Лев Гурский - Спасти президента
— Пре... — забормотал я. — Пре... — Язык не желал меня слушаться. Я хотел объяснить, что во всем виноват не я, а Президент. Все он!
Это он отказался давать мне интервью. Это из-за него я затыкал дыру бортниковской телегой с архивным снимком.
— Чего ты там бурчишь, милок? Ась? — Бэ-Бэ наклонился ко мне так близко, что его страшная улыбка оказалась на уровне моих глаз.
Меня тут же настигла полная немота. Горло сдавили нервные спазмы, как будто я уже под завязку нахлебался индонезийского масла.
— Эй! Ты у меня случайно не умер? — Пальцы Инвестора опять спланировали к моему уху.
Мне удалось лишь слабо помотать головой.
— Это ты правильно сделал, — похвалил меня Бэ-Бэ. — Умирать ты будешь, только когда я тебе велю... Видишь там кеглю? — Инвестор за ухо развернул мою голову на девяносто градусов.
Метрах в десяти от меня, в самом конце деревянной дорожки, ждал своей участи маленький тонкошеий болванчик. Его товарищи были уже сбиты, а этот почему-то уцелел.
Я еле кивнул, насколько позволяла хватка Инвестора.
— Видишь шарик? — Бэ-Бэ расстался с моим ухом, взял обеими руками приготовленный шар и взвесил его в ладонях. — Сейчас я доиграю партию в боулинг. Если промахнусь, то следующим броском вышибу тебе мозги. Слабенькое, а утешение... Смотри же, Виктор Ноевич! Размахиваюсь... Кидаю!
Мое сердце подпрыгнуло и забило крыльями во все стороны, словно придавленный в горсти воробышек. Умираю, сообразил я. Без разрешения Бэ-Бэ. Без завещания. Без покаяния. Это у меня инфаркт миокарда. Инсульт. Кондрашка. Все, я уже умер. Аминь. Как больно, милая, как странно...
Смерть моя продолжалась секунды две. На третьей секунде шар с деревянным треском сбил последнего истукана, и я воскрес. Мой инсульт прошел бесследно. Спазм в горле исчез. Я чувствовал лишь сильное жжение в надорванном ухе.
— Хороший бросок, — похвалил себя Бэ-Бэ. — А тебе везет, Ноевич. Отпускаю, проваливай...

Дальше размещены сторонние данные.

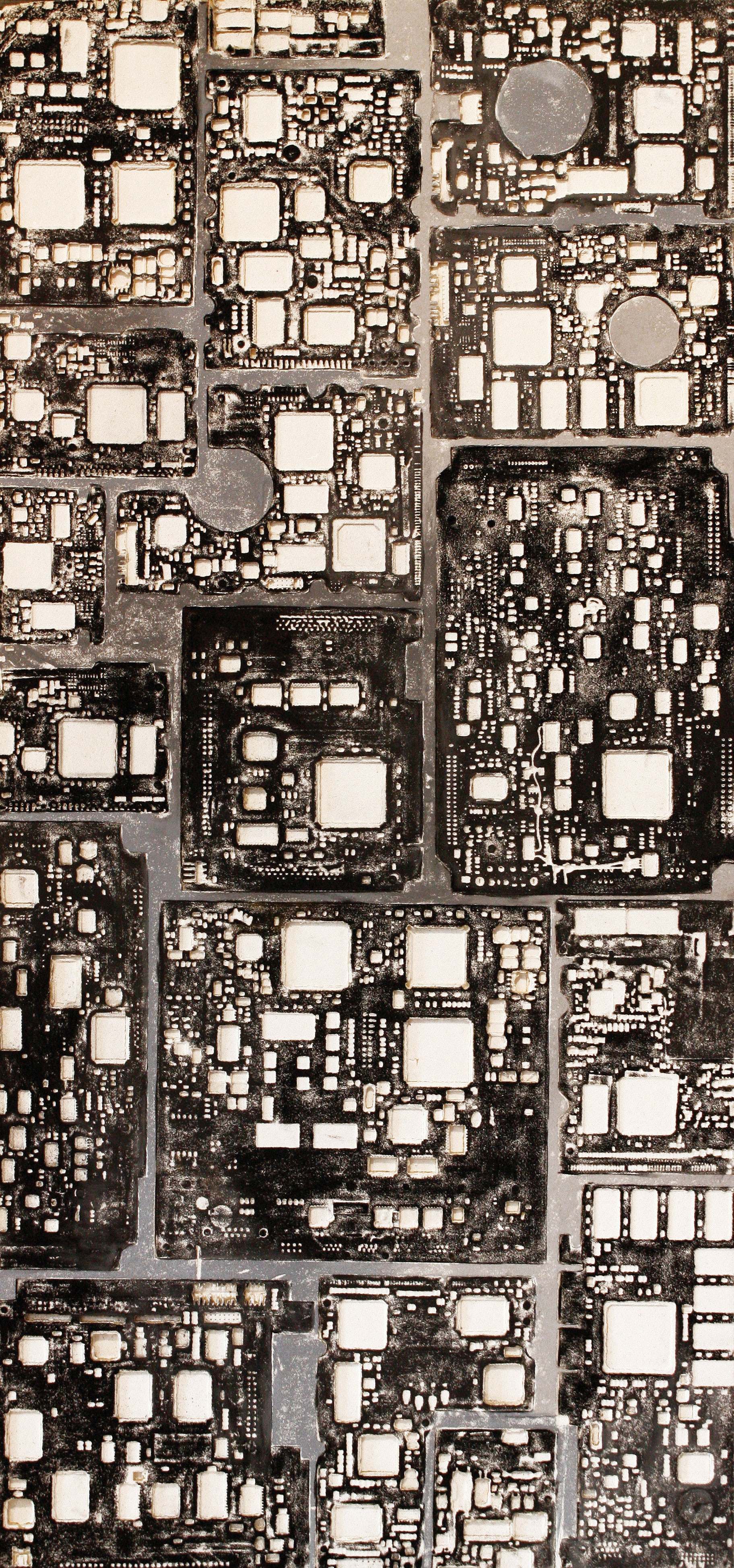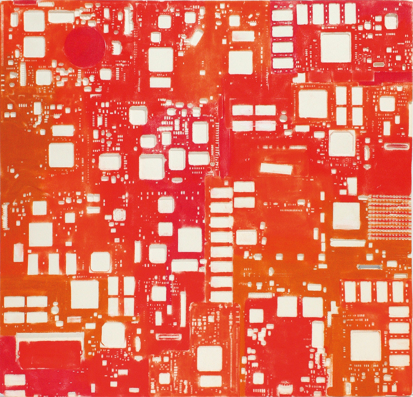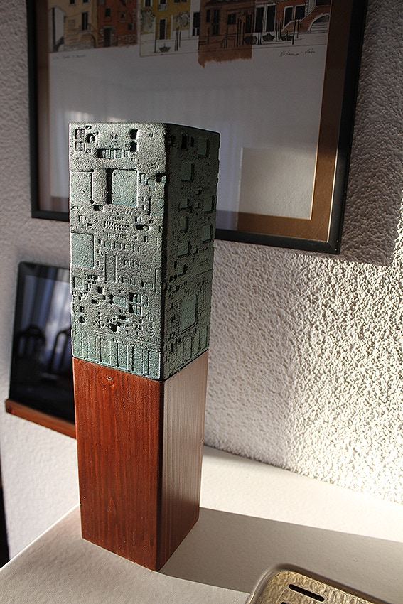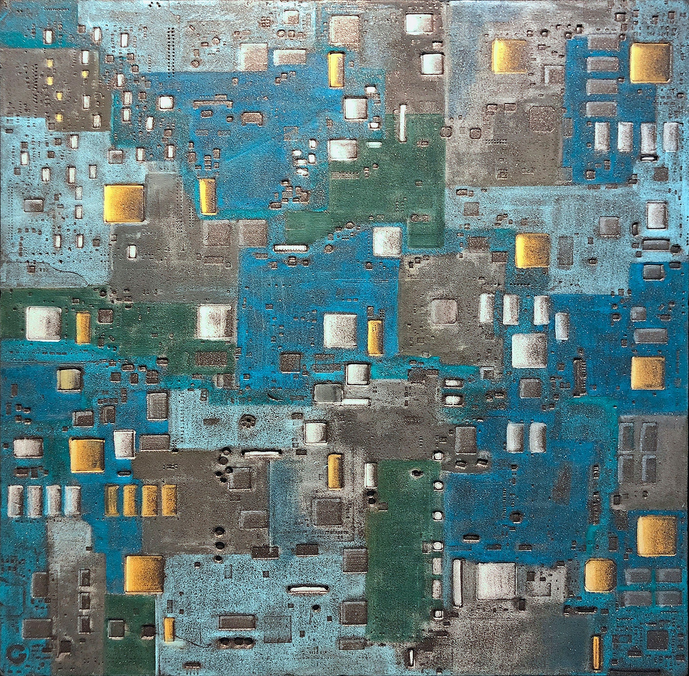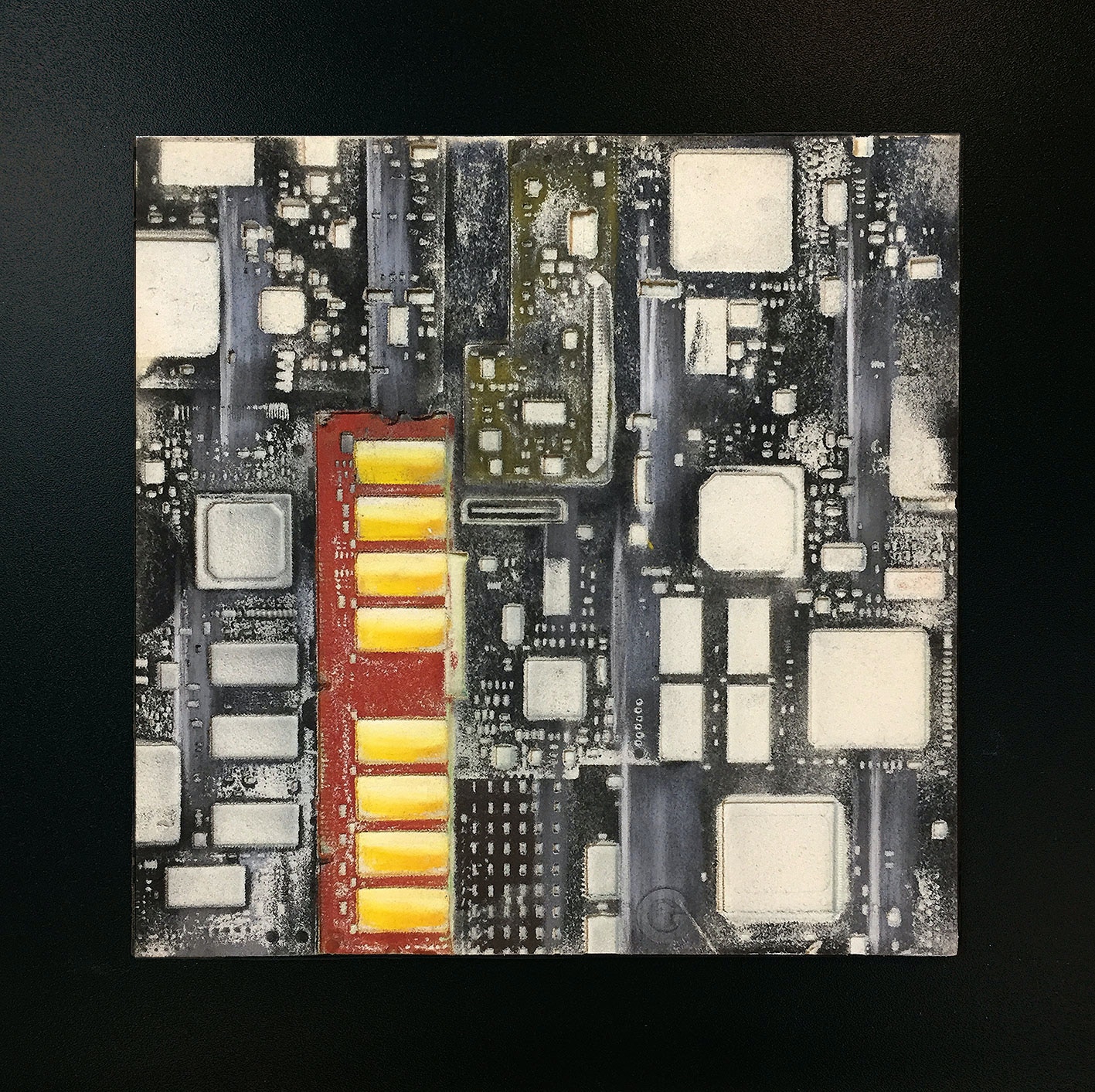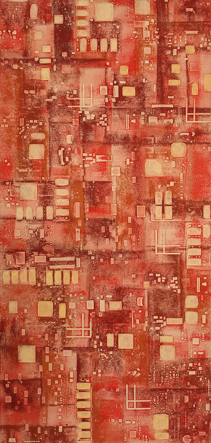 La curiosità per la tecnologia, l’elettronica e la grafica convogliano le forme e i segni, che albergano nella sua mente, verso la sperimentazione plastica con diversi materiali.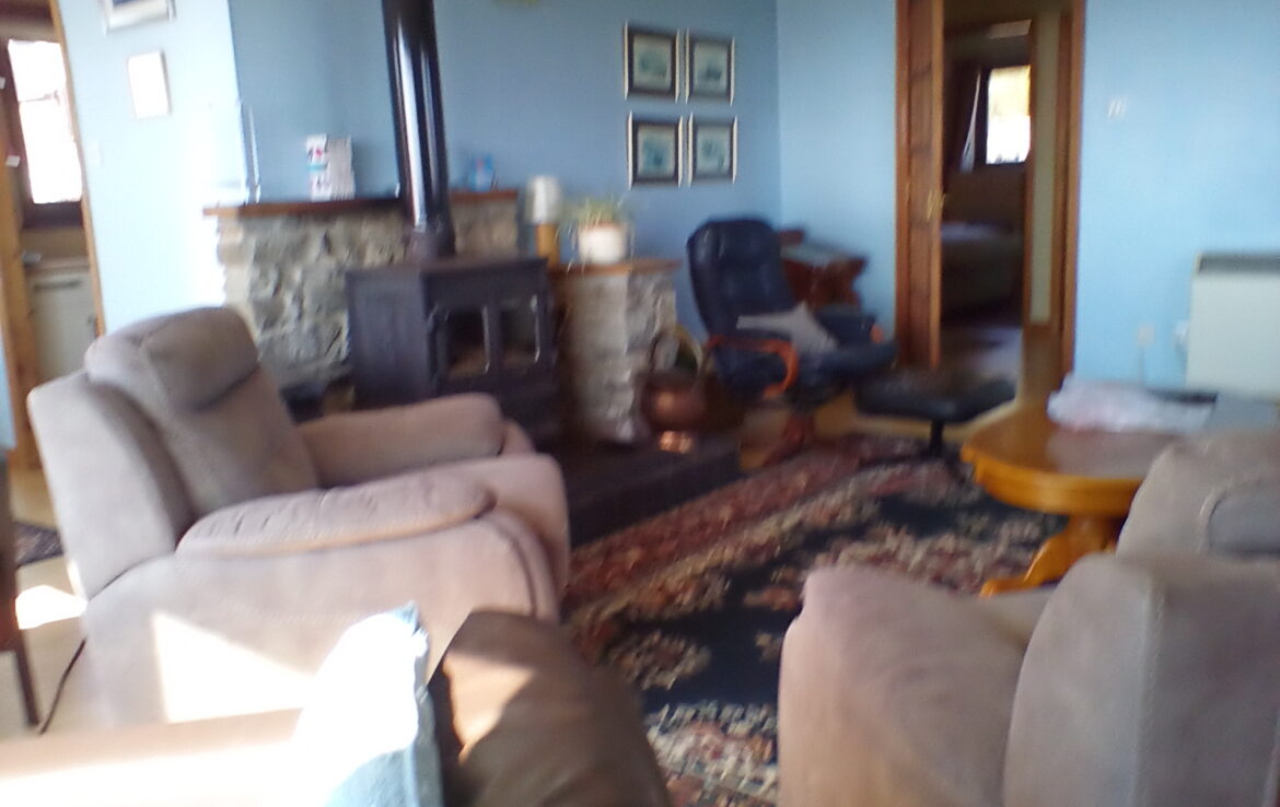 Sliding door opens onto patio area and well kept lawn. Electric central heating throughout with a multi fuel stove in the lounge , which also has T.V and DVD player. Ample parking and a secure garden.

Я все не решался подняться с бортика.
— Чего расселся? — Инвестор пнул меня коленкой в бок. — Сказал же: сегодня ты свободен. Беседа окончена. Это было третье предупреждение. Теперь беги, редактируй дальше свою газетку.
Освобожденным воробышком я вспорхнул с бортика кегельбана и полетел к выходу.
— И следи за новостями, — услышал я уже в дверях. — Уговорю я макак насчет зелени — будешь трудиться дальше. А не уломаю их — снова тебя вызову. Опять поиграем в кегли на интерес. Обычно я не такой меткий, как сегодня...
На обратном пути я сделал остановку в гостиничном баре и взял четыре рюмки «Джека Дэниэлса». Расплатился и, не отходя от стойки, опорожнил все четыре подряд. Рюмки были махонькими, коммерческими. Однако немного полегчало. Саднящее ухо и полтораста граммов виски сделали свое дело. Добрая улыбка Инвестора больше не маячила у меня перед глазами, ушла в тень. Но все-таки придется еще добавить, решил я. Надо отпраздновать свое воскрешение. Я мог ведь сейчас валяться на полу с проломленным черепом: у Инвестора слово не расходится с делом.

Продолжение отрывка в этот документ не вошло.